Python + OpenOffice = Gelber Schnee.

Immernoch umständlich, immernoch schwierig.
lunar

Mittwoch 20. Februar 2008, 19:18

BlackJack hat geschrieben:@lunar: Hast Du Erfahrung mit xlrd oder warum ist COM der einzig praktikable Weg?
Nein, ich kannte die Bibliothek einfach nur nicht. Als Linuxer und überzeugter Anhänger freier Software hat man halt nicht viel mit Excel zu tun ;)
jens hat geschrieben:Da wir schon mal dabei sind... Wie sieht es mit OpenOffice aus? Die Excel Dateien in OO laden und dann irgendwie in Python laden, aber wie?
OpenOffice kann Excel laden, und es gibt UNO-Bindings für Python. Theoretisch steht dem also nichts im Weg, praktisch begegnet man sehr schnell der UNO-API, gegen die COM wie der siebte Himmel aussieht.

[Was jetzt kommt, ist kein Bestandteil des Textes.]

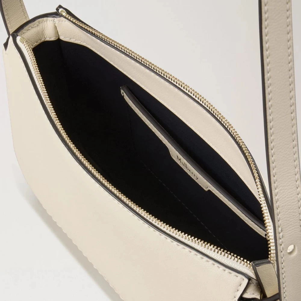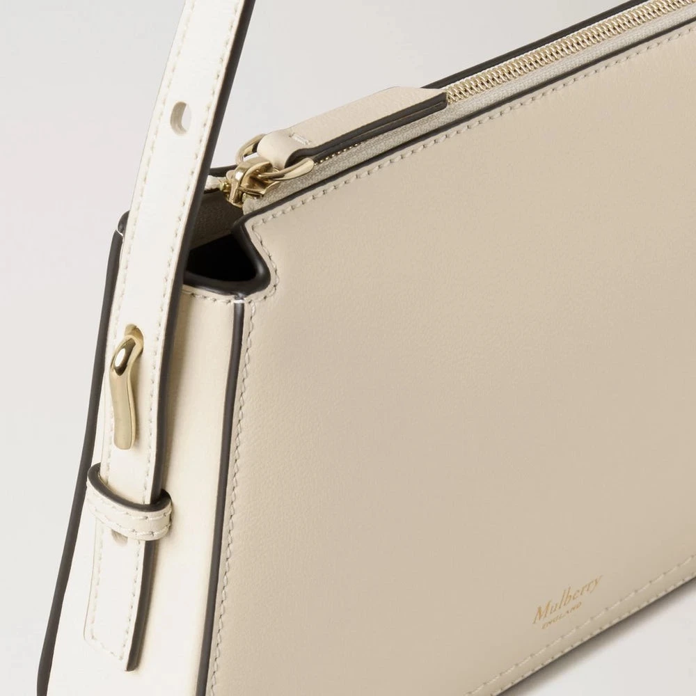 Tasken er fremstillet i eksklusivt Micro Classic Grain-læder i farven Eggshell (råhvid), som giver et lyst, elegant og luksuriøst udtryk. Den har en praktisk lynlåslukning, en aftagelig og justerbar skulderrem, samt fine soft gold-detaljer, der understreger det tidløse design. Det præget Mulberry-logo på forsiden tilføjer et diskret touch af eksklusivitet.
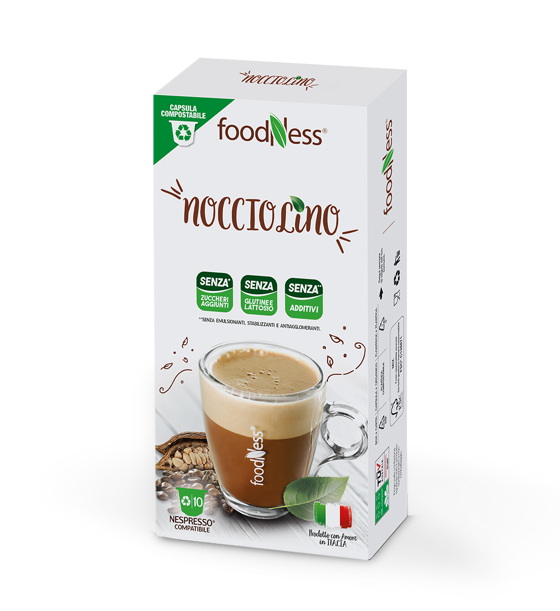 *Nespresso® e *Nescafé® *Dolce Gusto® sono marchi registrati di Societè des Produits Nestlè® SA. Foodness Spa è produttore autonomo non collegato alla Societè des Produits Nestlè® SA. La compatibilità delle capsule Foodness è funzionale all'utilizzo con macchine da caffè ad uso domestico Nespresso® - Nescafé® Dolce Gusto®.
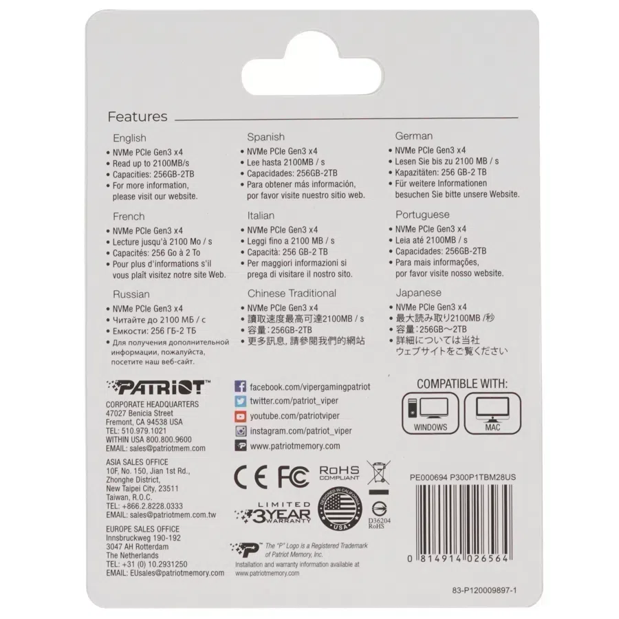 Накопитель SSD Patriot PCIe 3.0 x4 1TB P300P1TBM28 P300 M.2 2280 2100/1650
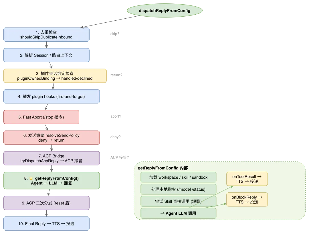 一是流式投递。Agent 的推理过程可能需要数十秒甚至几分钟,如果用户在这期间只看到一个 loading 状态,体验极差。OpenClaw 的 onBlockReply + 出站分块机制让用户实时看到 Agent 的思考进展,这在所有面向用户的 Agent 系统中都值得实现。
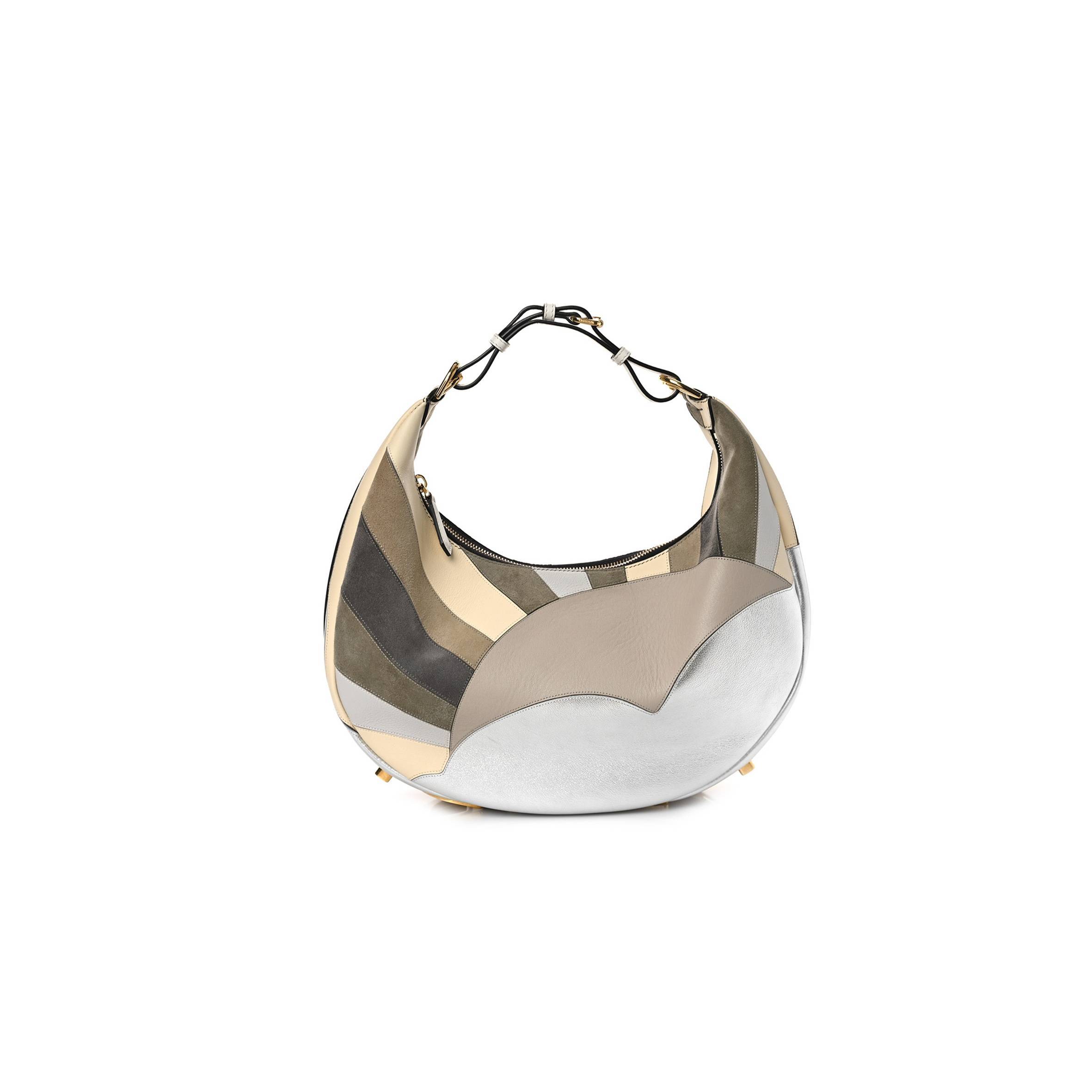 F**di VITELLO SETA GOATSKIN SUEDE SUN CLOUD INLAY MEDIUM F**diGRAPHY HOBO BAG MULTICOLOR WHITE ICE (28*20*11cm) Master Quality
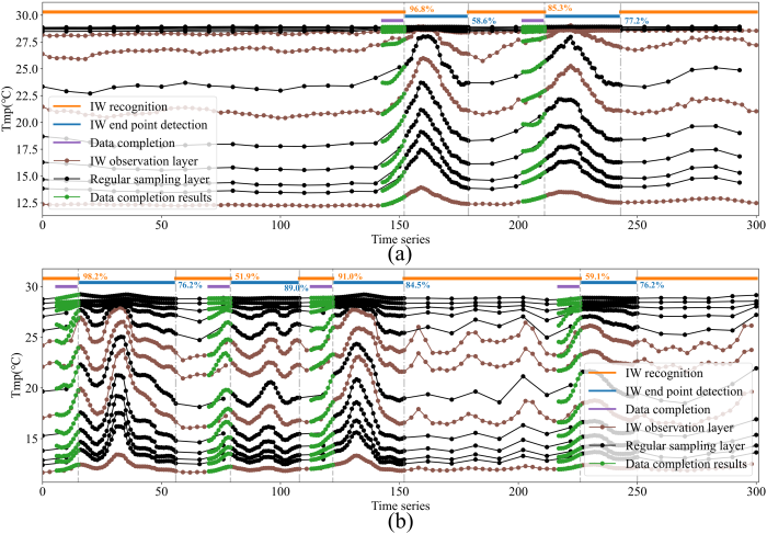 实验基于安达曼海白龙浮标实测温度剖面数据开展,结果表明:内波识别模块采用4个观测层和3分钟采样频率时,整体识别准确率达95%,延迟为8.095分钟。在引入考虑时间不确定性的建模方法后,波动结束点的判断准确率提升了71.9%。同时,数据补全模块的均方根误差(RMSE)低至0.1596℃。上述数据共同验证了本方法的可靠性,系统整体检测内波的效果如图3所示。系统整体测试结果亦显示,该策略在复杂海洋环境下仍能保持稳定、高效的数据采集性能。
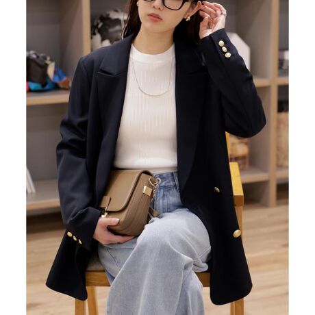 マニッシュな雰囲気のジャケット。スタンダードなダブルブレストで、肩まわりや身頃がすっきり見えるよう拘ったシルエットです。少し大きめなカラー(襟)もポイント。後ろはベンツスリット入りで動きやすく羽織り心地も良いです。※モデルの着用画像の場合、光の当たり具合により、実際の色味と異なって見えることがございます。色味は、商品単体の画像をご参照ください。
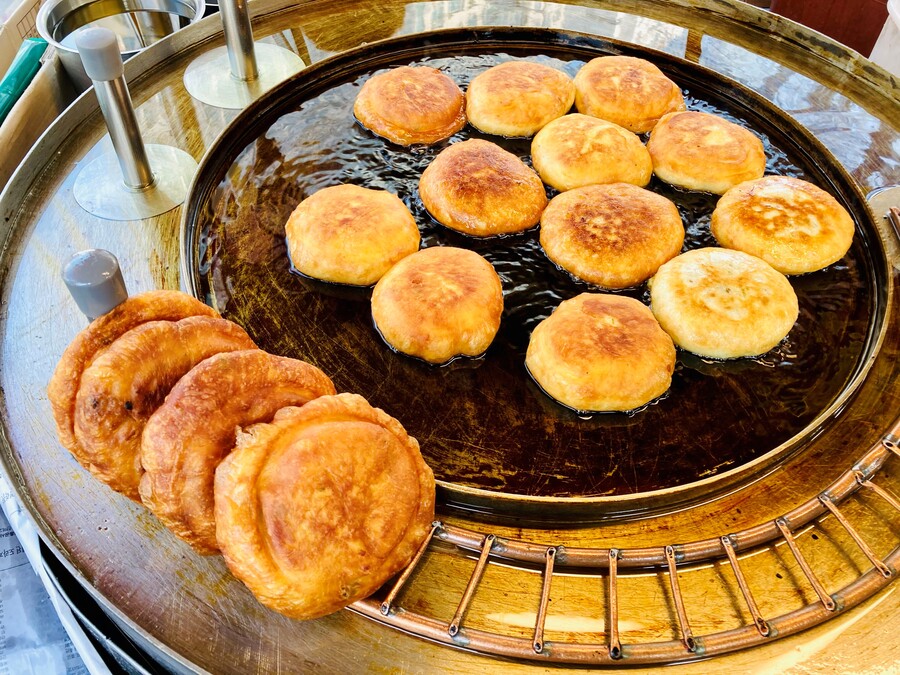 仁寺洞(インサドン) | 털보네 호떡(トルボネ・ホットク) | 仁寺洞文化の通り沿いにある屋台。揚げたてで外はカリッと、中はもちもち。蜜・ナッツ入りの甘いタイプやチャプチェ入りの辛めタイプもある。 |
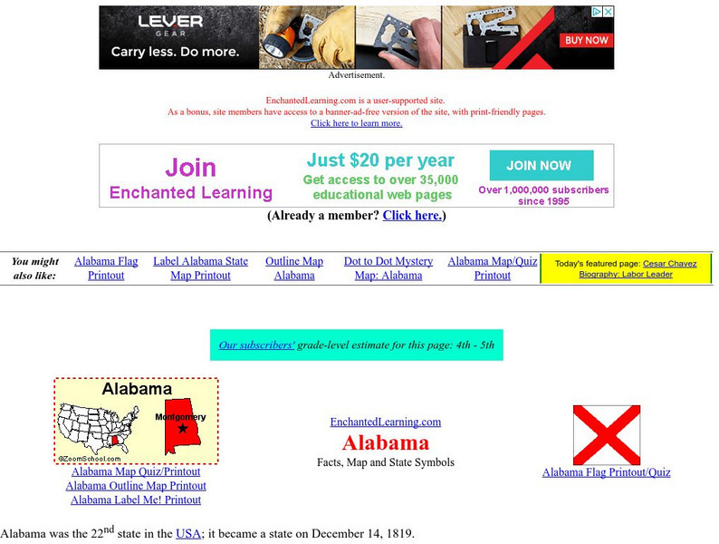 Enchanted Learning: Alabama Facts, Map and State Symbols
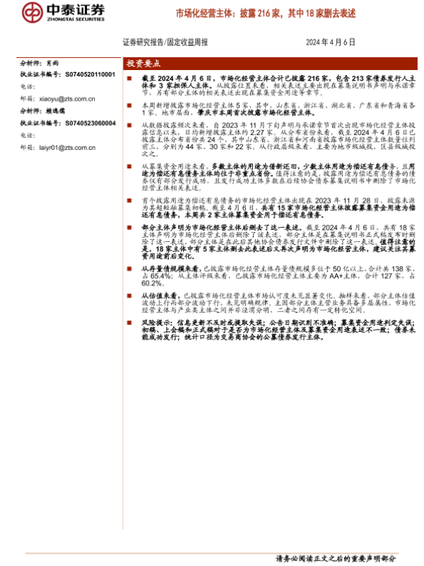 【中泰证券】【20240406】市场化经营主体:披露216家,其中18家删去表述-15页 行业研究
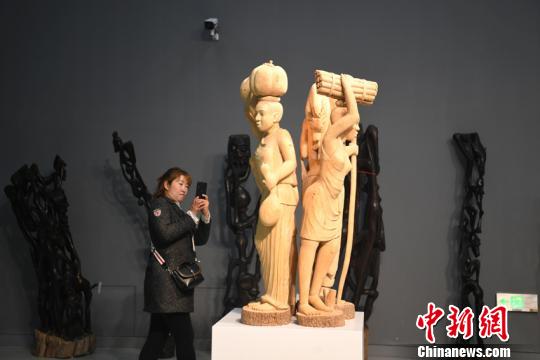 “2019非洲艺术精品展”展出了439件马孔德木雕和266件绘画作品。 张瑶 摄
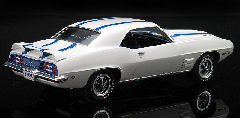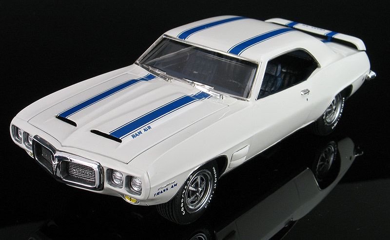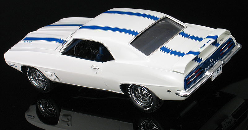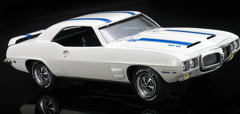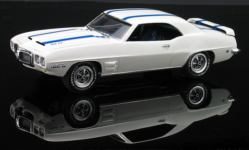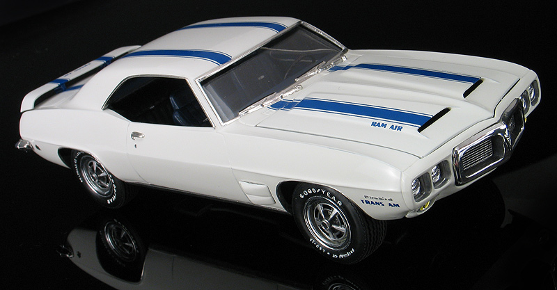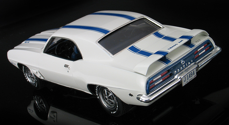 1969 Pontiac Trans Am - (built 1994) In 1969, the pony car war in full rage and the manufacturers were doing battle on race tracks across in America in the Trans Am series. The Trans-Am series was a road racing league sponsored by the SCCA and run at tracks like Road America and Mid-Ohio. Pontiac paid honor to the series by introducing a special high performance of their '69 Firebird called the Trans-Am. Pontiac painted all the 1st year Trans-Am in white with blue stripes. They also featured a unique hood and trunk wing and came with a hi-po 400 cu. in. Ram-Air motor. I built my replica '69 Pontiac Trans-Am using the ancient 1/25th scale MPC kit. Mine was built mostly from the box except for adding correct Trans-Am striping decals which came from Fred Cady. The license was made from a photograph of an actual '69 Ohio license shrunk donw to the proper scale.
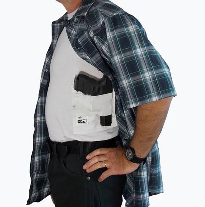 ADEQUADO: Permite acesso imediato à sua arma ao usar camisas de botão ou pulôveres. Possui dois coldres idênticos com espaço extra perfeito para revistas, documentos ou dispositivos do tamanho de um telefone celular, o método de transporte oculto mais confortável para qualquer arma de autodefesa.
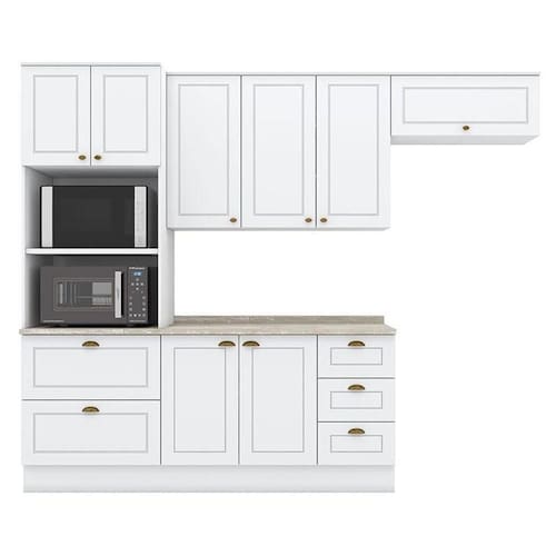 Cozinha Modulada Nova York 4 Peças Branco com Tampo Calcare Henn
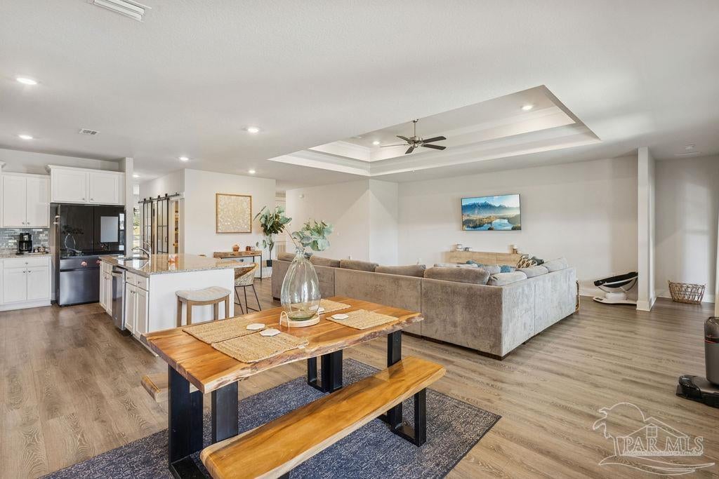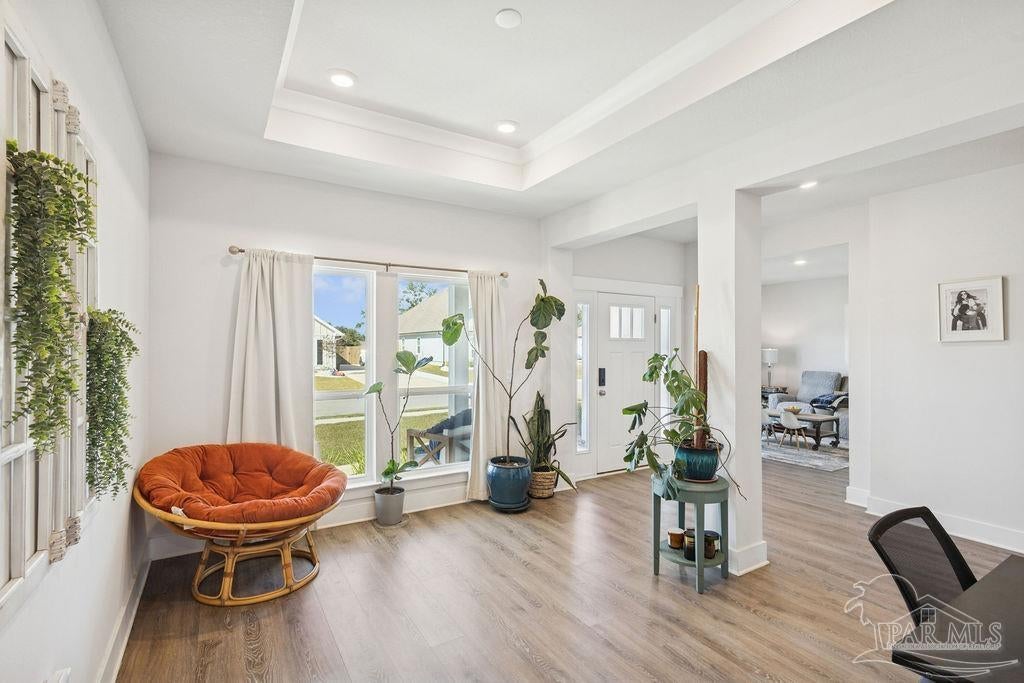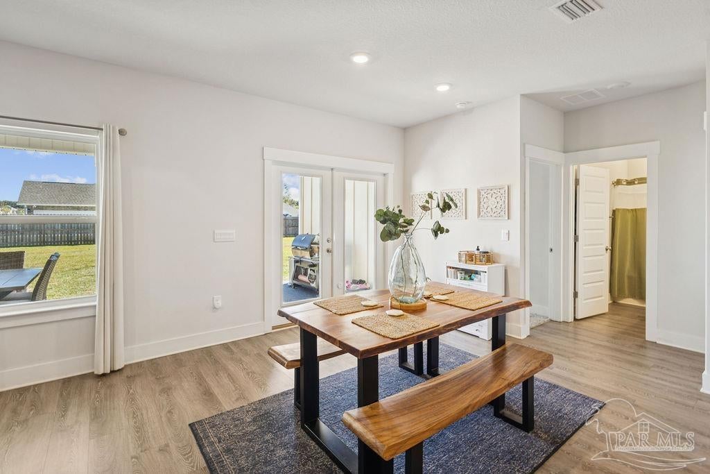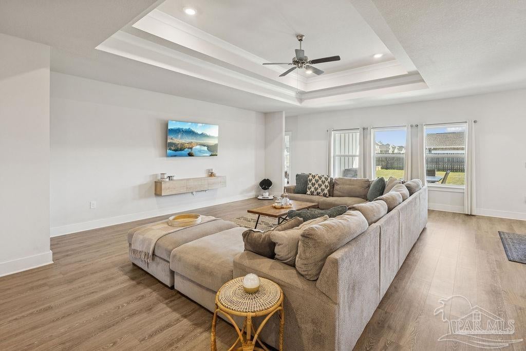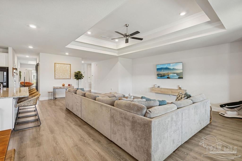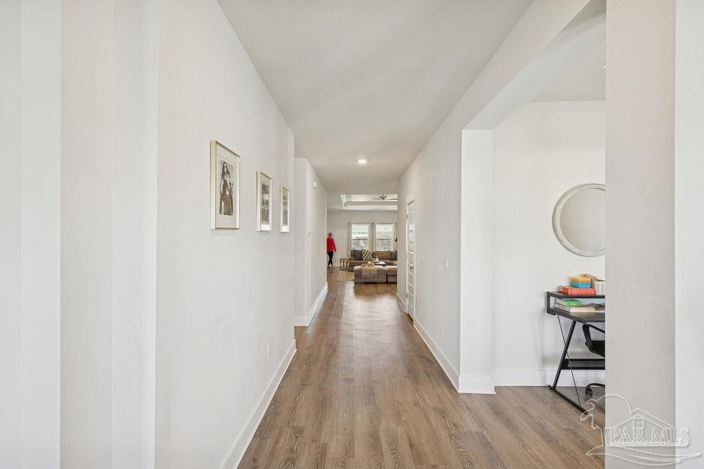 Welcome home to the highly sought-after McKenzie plan, offering 5 bedrooms, 3 full bathrooms, and 3,141 sq ft of spacious, modern living in Robinson Estates, one of Pace’s premier communities. Situated on a .386-acre corner lot, this home features thoughtful upgrades, stylish finishes, and a functional layout designed for both everyday living and entertaining. Step inside to an open-concept living area with custom built-ins in pantry, a floating entertainment center, and durable LVP flooring throughout the main spaces. The gourmet kitchen includes a large granite island, stainless-steel appliances, tile backsplash, and ample cabinet space. The primary suite offers generous space and an en-suite bath with double vanities, soaking tub, separate shower, and a large walk-in closet. Four additional bedrooms + 2 additional full baths ensure comfort for family, guests, or a dedicated office/flex space. Outside, enjoy a fully fenced backyard, gutters with soffit lighting, and a 2-car garage with extra storage located above garage doors. Located in the popular Robinson Estates community, residents have access to a neighborhood pool & pavilion area!
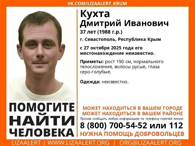 Волонтеры отряда «ЛизаАлерт» Крым ведут поиски исчезнувшего: «Пропал Дмитрий Кухта , 37 лет, проживал в Севастополе». Близкие уже несколько недель ничего не знают о судьбе мужчины - с 27 октября его местонахождение неизвестно. Приметы исчезнувшего: 190 см. рост, нормальное телосложения, русые волосы, серо-голубые глаза. Любую информацию о местонахождении пропавших нужно сообщать на «горячую» линию отряда «ЛизаАлерт»: 8 (800) 700-54-52. Звонки бесплатные.

Die UNO-API stützt sich auf die selben Design-Prinzipien wie CORBA. So verwendet UNO ebenfalls IDL als Definitionsprache für Schnittstellen. In der API schlägt sich das schon so nieder, dass jede konkrete Klasse eine gleichwertige abstrakte Schnittstelle hat, auch wenn es nur eine einzige konkrete Implementation dieser Schnittstelle gibt. Außerdem entwickelt UNO komplizierteste Vererbungshierarchien. Dadurch ist die API extrem kompliziert, weitaus mehr, als der Notwendigkeit angemessen wäre. In Verbindung mit einer für Python-Entwickler ziemlich schlechten Dokumentation ist das tödlich. Diese Dokumentation ist eine genaue Repräsentation des UNO-Objektbaums, inklusive aller Schnittstellen. Diese API lässt sich aber natürlich prinzipbedingt nicht vollständig auf Python übertragen, so dass man vor der undankbaren Aufgabe steht, sich aus geschätzten 1000 Klassen die 100 rauszusuchen, mit denen man tatsächlich zu tun haben könnte.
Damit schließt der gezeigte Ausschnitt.